Dienstag, 14. Juni 2011

Eine Gute-Nacht-Geschichte – Teil 2

Zunächst galt es zu entscheiden, welche Mordwaffe ich verwenden wollte. Gift? Zu profan und zu leicht zu durchschauen. Auch alle anderen gängigen Möglichkeiten erwog ich und verwarf sie wieder. Bis eines Tages bei einem gemeinsamen Fernsehabend (den ich langweilig genug fand) endlich die Lösung gewissermaßen zu mir aufs Sofa sprang. Mein Gatte bewunderte nämlich gerade die gezeigte Berglandschaft und äußerte den Wunsch, mal wieder in den Alpen Urlaub machen zu wollen. Ich hasse die Berge! Und das Letzte, was ich mir für mein Leben vorstelle, ist in klobigen Bergschuhen an irgendwelchen gähnenden Abgründen herumzukraxeln. Aber in diesem besonderen Fall stimmte ich dem Professor begeistert zu. War doch im Hinterkopf der Plan schon fertig.

Dieser anstehende Urlaub gab mir zudem die Gelegenheit, ganz unverfänglich nach den Finanzen und dem Versicherungsstatus zu fragen. Dinge, mit denen ich mich davor nicht beschäftigt hatte. Mein Gatte freute sich sogar über mein neu erwachtes Interesse an den geschäftlichen Angelegenheiten des Hauses und gab sich sehr viel Mühe, mir alles bis ins Kleinste zu erklären. Ganz am Rande stellte sich heraus, dass ich auch noch zusätzlich zu Haus und Vermögen mit einer nicht zu verachtenden Lebensversicherung bedacht war. Beste Voraussetzungen für mein anstehendes Vorhaben.

So packten wir also unsere Sachen und fuhren in die Schweizer Alpen. Wir hatten uns in einem kleinen Berghotel eingemietet, in dem zu dieser Jahreszeit nicht viele Gäste zu finden waren. Hauptsaison dort war der Winter. Auch dieser Umstand kam meinen Plänen sehr entgegen. Wir wollten zwei Wochen bleiben und ich war mir sicher, dass sich innerhalb dieser Zeit die passende Gelegenheit für mein dunkles Anliegen ergeben würde. Mitte der zweiten Woche (ich war schon fast der Verzweiflung nah) war es dann soweit. Mein Gatte wählte eine Wanderroute, die zu großen Teilen über einen sehr schmalen Pfad führte, der lediglich von einem als Geländer gespannten Drahtseil gesichert wurde. Eigentlich war es gedacht, dass man sich dort mit einer Sicherungsleine einhakte, was ich selbstverständlich auch tat, mein Gatte jedoch hielt dies nicht für nötig, schließlich sei er ein erfahrener Kraxler. Und so spielte er mir freundlicherweise zusätzlich in die Hände. Hatte ich schon erwähnt, dass der Professor ein sehr fürsorglicher Gatte war? Ein weiteres Mal bewies er das jetzt.
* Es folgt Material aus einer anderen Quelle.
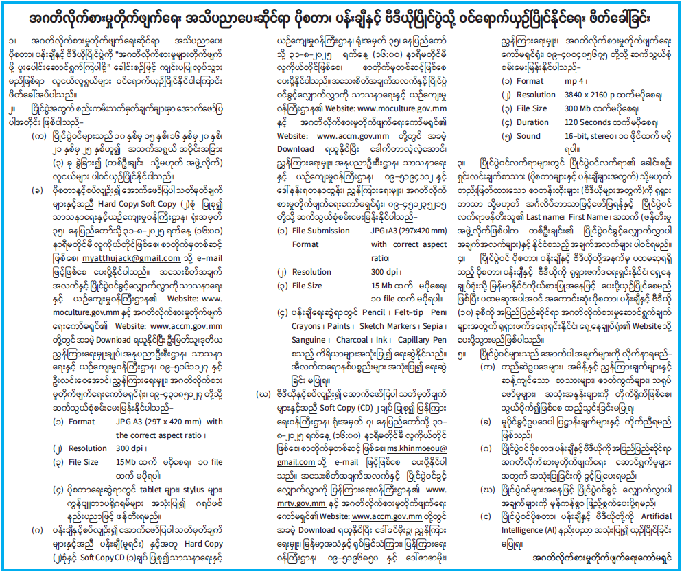 အဂတိလိုက်စားမှုတိုက်ဖျက်ရေး အသိပညာပေးဆိုင်ရာ ပိုစတာ၊ ပန်းချီနှင့် ဗီဒီယိုပြိုင်ပွဲသို့ ဝင်ရောက်ယှဉ်ပြိုင်နိုင်ရေး ဖိတ်ခေါ်ခြင်း

Da ich hinter ihm ging, war es auch gar nicht schwer, ihn zu schubsen. Beinahe hätte er mich mitgerissen – zum Glück war ich angeleint – und der Blick, den er mir zuwarf, als er lautlos in die Tiefe stürzte, bereitet mir bei aller Kaltblütigkeit noch heute Alpträume. Und so war nicht viel Schauspieltalent erforderlich, als ich völlig abgehetzt und verzweifelt beim Berghotel wieder ankam und sofort Polizei und Bergrettung verständigen ließ. Auch rief man einen Arzt, der sich um mich kümmerte und mir ein Beruhigungsmittel verschrieb. Das hatte ich auch bitter nötig, denn es dauerte volle drei Tage, bis man die zerschmetterte Leiche endlich fand. An meiner Version, der Professor habe einen Fehltritt getan und sei gestürzt, ohne dass ich ihm hätte helfen können, hatte spätestens dann keiner mehr Zweifel, als man sah, dass er tatsächlich kein Sicherungsseil bei sich trug. Endlich konnte ich abreisen.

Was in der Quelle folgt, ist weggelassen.